Hoy tengo ganas de escribir, de escribir sobre las nubes, ¿por qué no? imagínate que pudiéramos subirnos a ellas y contemplar el mundo a vista de pájaro, sin necesidad de una instantánea que haya costado oro, ¿por qué no? ¿Qué hay de malo en imaginar? Lo malo, en realidad, es pensar que la vida es demasiado complicada para vivirla. La realidad se nos enfrenta en cada momento, ¿por qué no sonreirle? a lo mejor se vuelve más amable y nos sonríe ella a nosotros. ¿Por qué el hecho de conservar “tu alma de niño” te hace ser “diferente” de los demás? debería ser al revés y, ¿no es cierto que, cuando llegamos a la vejez, nuestros instintos más primitivos vuelven a aflorar como la primavera? La naturaleza es sabia, por algo será.

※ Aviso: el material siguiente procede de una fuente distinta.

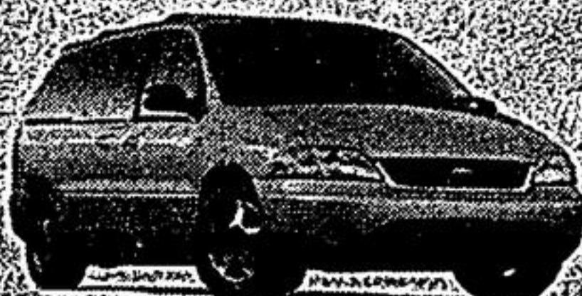
2003 Ford Windstar
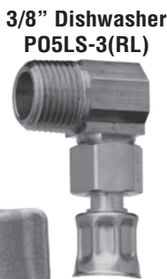
3/8" Dishwasher P05LS-3(RL)
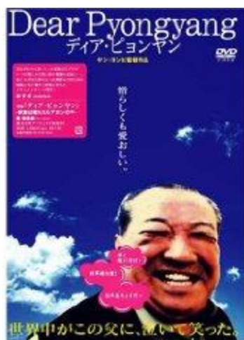
Dear Pyongyang: an award-winning documentary that is part of a reconsideration of Zainichi affinity toward North Korea

In promoting diasporic nationalism, Zainichi ideology erects a prison-house of Zainichi-ness, a collective confinement to ethnic essentialism. Beyond establishing the fundamental pillars of Zainichi identity, it also projects an idealized Zainichi self that mirrors Zainichi historiography: the dialectics of oppression and resistance, poverty and struggle. It also prescribes, like Soren ideology, cultural nationalism, such as learning Korean language, history, and culture, and retains instinctive suspicion of Japan and discourages assimilation.
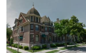
L. Kilbourn Avenue Row House District Built: 1870-1924 Designation: National
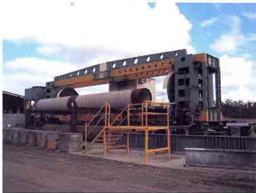
Hydrostatic Pressure Tester
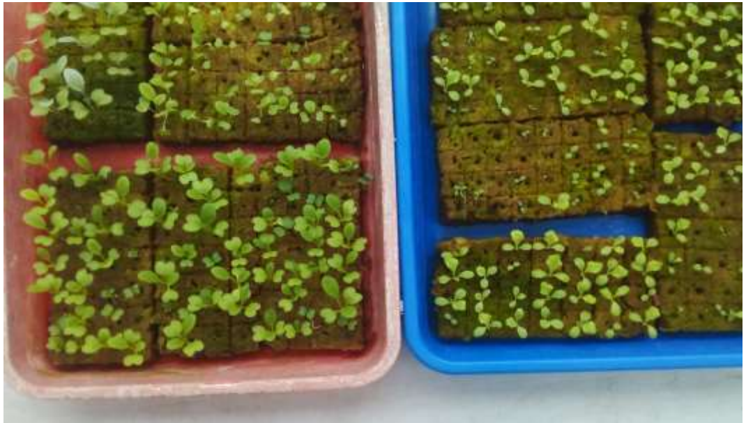
Figure: Seeding done by the Women Farming Group (KWT) Puspitasari

before the plants are planted in the planting area. The initial seeding is in collaboration with the Department of Agriculture as the supplier of plant seeds. The department only facilitates it at the beginning, whereas once urban farming is underway, they must be able to produce independently. Seeding is a very important process to get good plants, hence the seeds used must be good. The plant seeds used will affect the quality of the plants produced. The farming group in Sampangan Sub-district, KWT Puspitasari to be precise, can produce their own crop seeds.
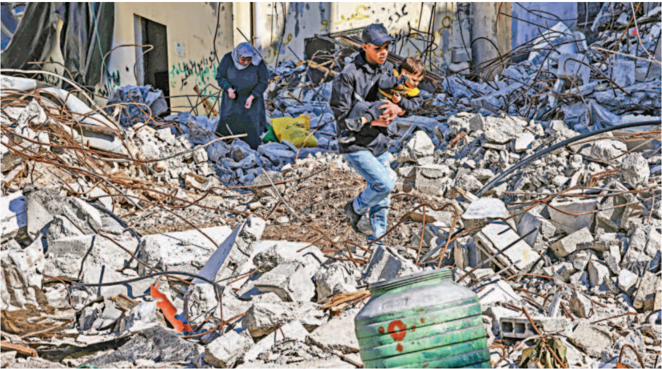
People walk on building rubble at the Nur Shams camp for Palestinian refugees near Tulkarem, where Israeli forces allowed residents to retrieve belongings after reportedly issuing demolition notifications for several houses amid a weeks-long offensive in the occupied West Bank yesterday. The head of the UNRWA said more than 50 people, including children, have been reported killed since the Israeli forces’ operation started.
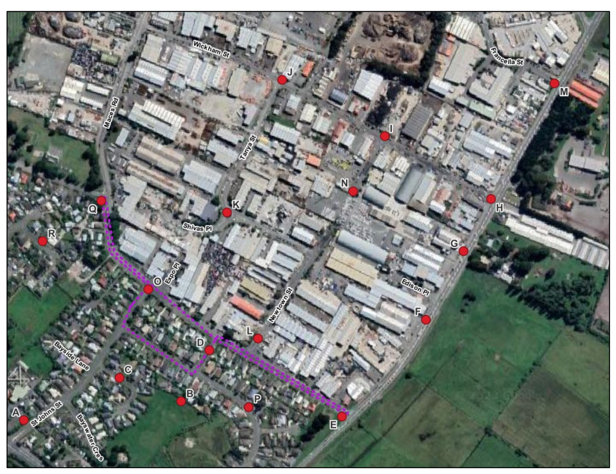
Figure 4: 11th July 2023 - Odour Scout Route

was the PDP odour scout. The scout was present for approximately 30 minutes. The weather was cloudy, with a temperature of 9 °C and east-north-easterly winds with a windspeed of 3.6 m/s as a 10-minute average. The scout started and finished near Site O. The objective was to undertake odour monitoring in the area downwind of the LE Site. The odour scout route (purple dots) and key scouting locations are shown in Figure 4 .
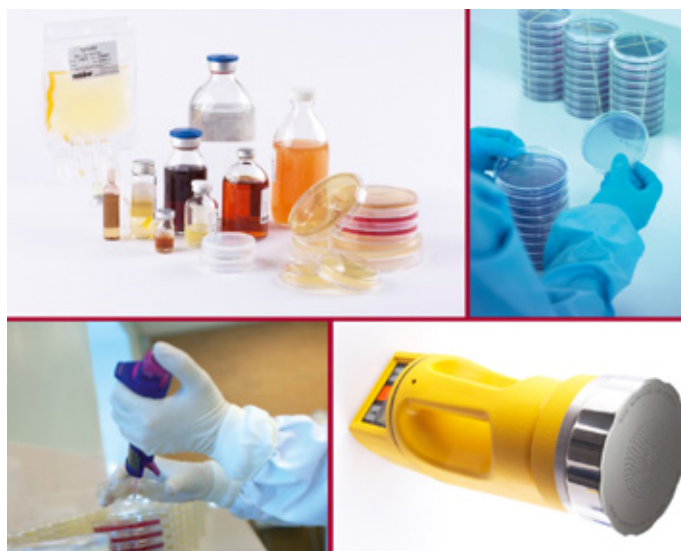
Cherwell Laboratories product range for environmental monitoring and process validation.
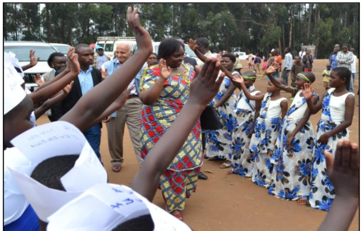
Ceremony in Kigeme camp, home to over 18,000 refugees, celebrating the rice distribution with MIDIMAR, UNHCR, WFP and partners including ADRA.
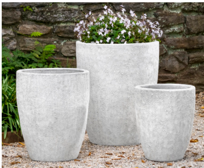
Shown in White Coral
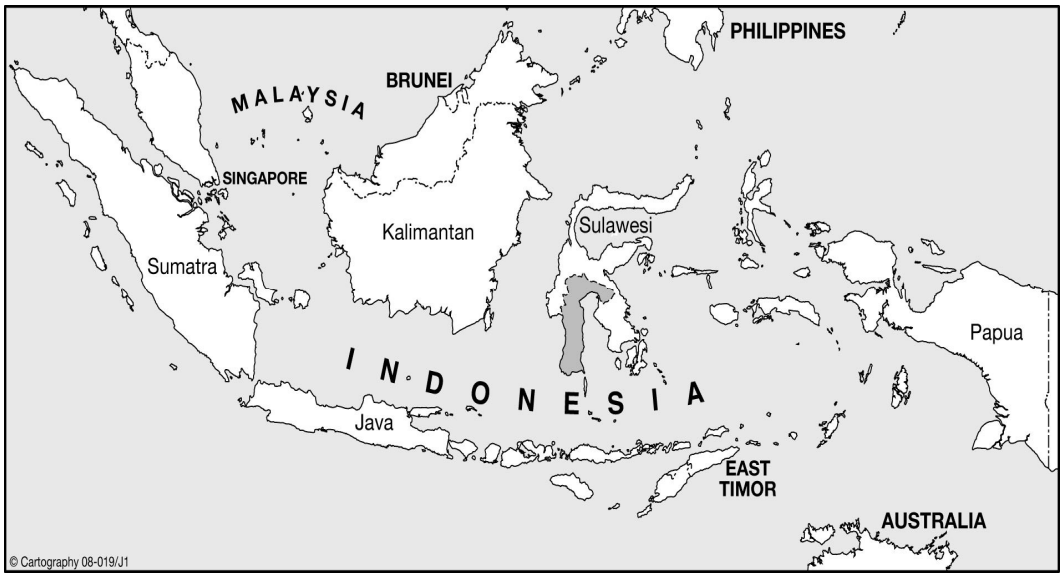
Figure 1. Indonesia, indicating South Sulawesi

My fieldwork was conducted in two different Bugis locations, Bone and Parepare (see Figures 1 and 2). I chose to concentrate on Bone and contrast the situation in this rural area with that in Parepare, the principal Bugis city, where I expected to observe speakers of varying dialects, in often impersonal urban settings.
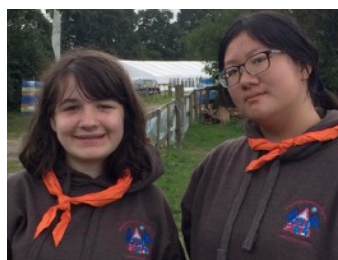
Girl Scouts from the US

Guides have been busy badge swapping at the Pier Cafe in the evenings as part of Sun and Stars. You'll have lots of new international badges and stories to share.
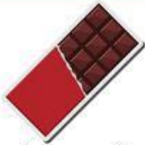
A bar of chocolate
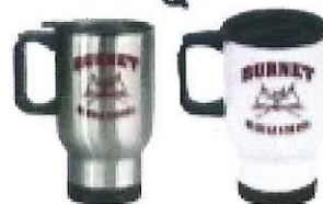
TRAVEL MUG SILVER OR WHITE STAINLESS STEEL
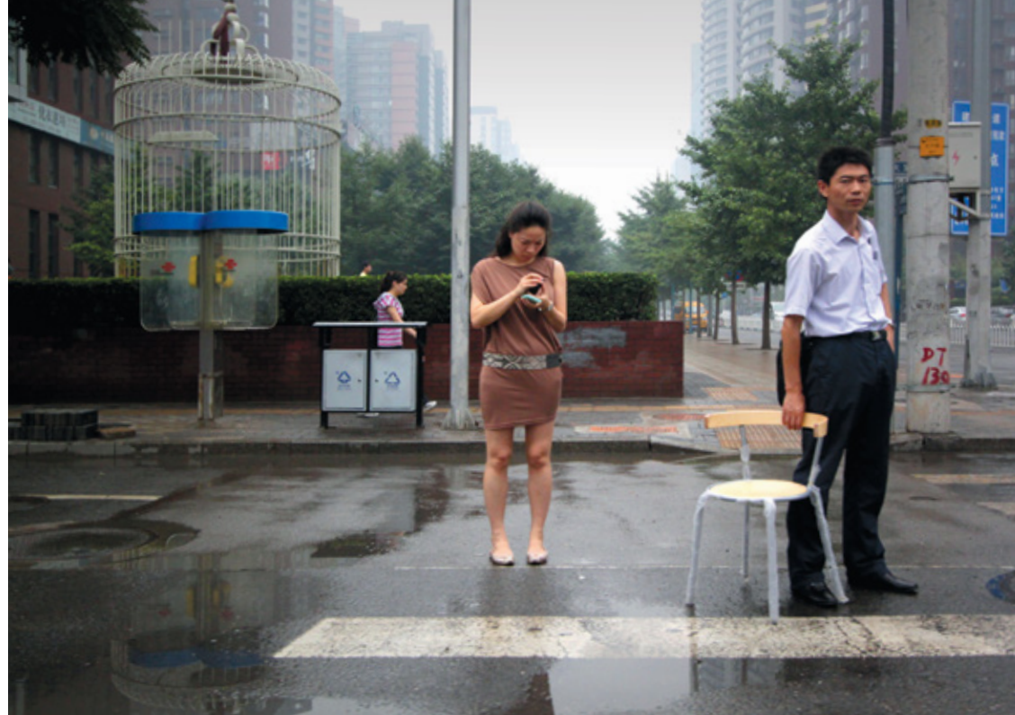
Giant bird cage.

Then there's the campaign against leftover women! In 2007, the Women's Federation defined the new term, shengnü 剩女 or 'leftover women'. The Ministry of Education adopt-
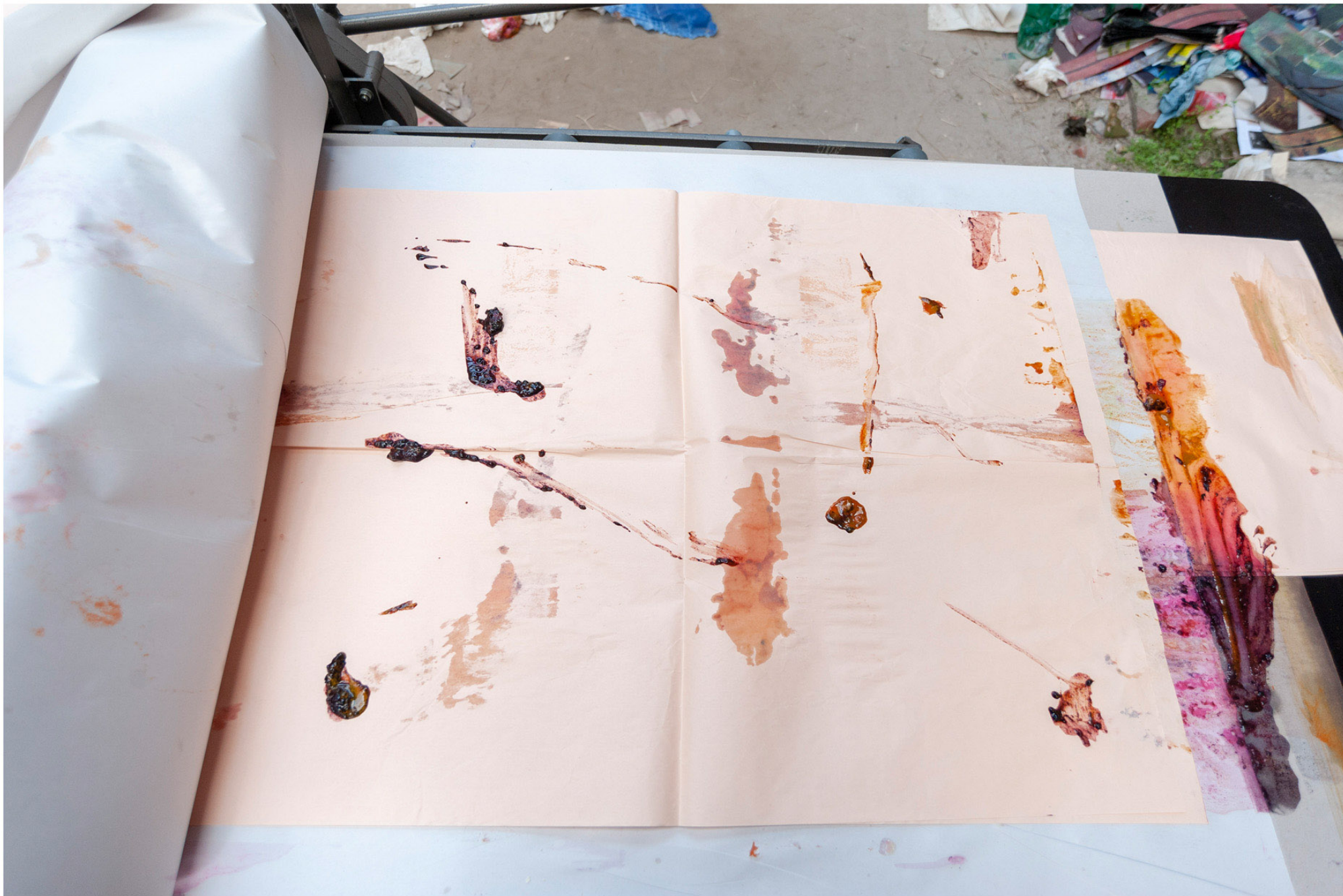
It is part XXI of an ensemble, and this ensemble is no longer necessarily ceremonial, 2021 Backer en Rueb studio
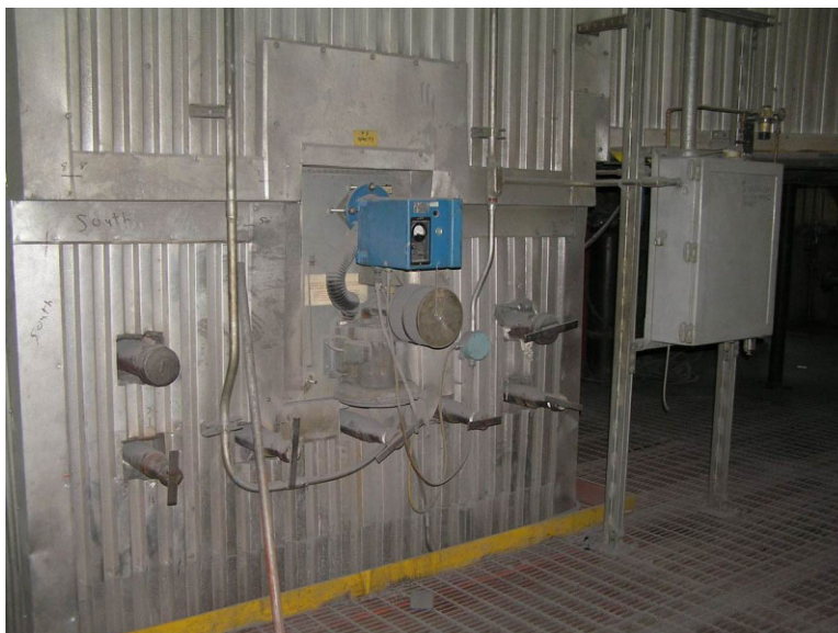
Figure 2-2. Emission Testing Ports for MP-5

Since both boilers exhaust through a common stack, emission testing for this program was conducted in the ductwork of the selected boiler upstream of the stack. The testing location and ports are shown in Figure 2-2.
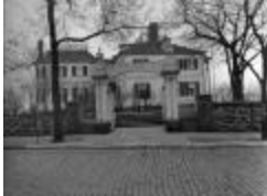
Morris-Jumel Mansion located in New York City. October, 1948 (NYS A0245-77_NewYork_B09_69)
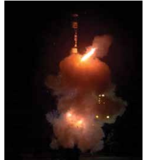
Successful training launch of Agni-1 Ballistic Missile

A successful training launch of a Medium-Range Ballistic Missile, Agni-1 was also carried out by the SFC from APJ Abdul Kalam Island, Odisha on 1 June 2023. The missile is a proven system, capable of striking targets with a very high degree of precision. The user training launch successfully validated all operational and technical parameters of the missile.
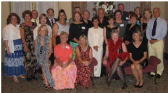
Spouses & Significant
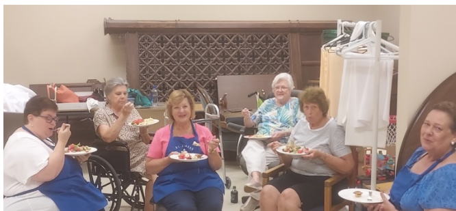
From Behind the Scenes of our Tea Room
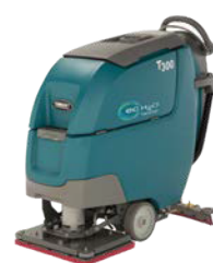
Orbital: 500 mm
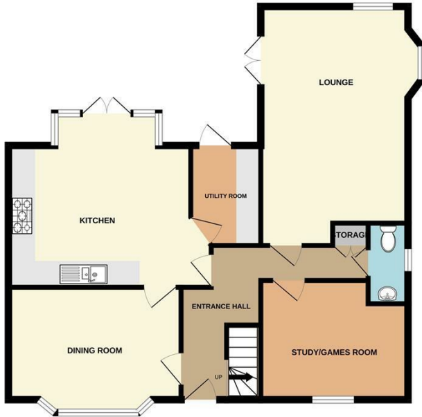
GROUND FLOOR 813 sq.ft. (75.5 sq.m.) approx.
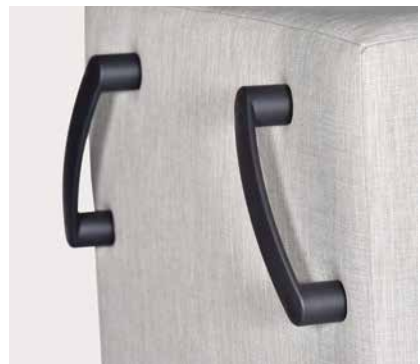
Ergonomically-positioned push handles
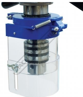
Adjustable Safety Chuck Guard with Flip Up Screen

No he visto nada tan tierno como la mirada de un niño, pero a la vez, la dulzura de los ojos de un anciano te puede hacer estremecer de emoción. ¿Te has acercado alguna vez a un sabio? ¿has conseguido atisbar la picardía infantil en sus pupilas? Si no la llegaste a ver, o estabas muy ciego, o no era tan sabio 😉

Todos los días enciendo el ordenador y me asomo a las redes sociales. Me gustan, a veces me aportan cosas, otras no, pero todos los días leo mensajes preciosos llenos de esperanza, de ayuda, de ganas y buenas intenciones… lo malo es que se quedan en la red. ¿Cómo es posible que la misma persona que escribe una frase que llega a emocionar a cientos de lectores no sea capaz de llegar a aplicarla en su propia vida? ES dífícil, sí, la teoría se aprende rápido, lo que cuesta es reaccionar (¡y vaya si cuesta!) pero ¿por qué entonces no eres capaz de asumir que hay personas que sí que consiguen reaccionar, que actúan? ¿Por qué las juzgas?
Sobrevivir no es fácil, pero nos costaría un poquito menos si nos centráramos en mejorar cada día, en reconocer nuestros errores, asumirlos y convertirlos en algo positivo, no ignorarlos o pensar que son mera consecuencia de las circunstancias.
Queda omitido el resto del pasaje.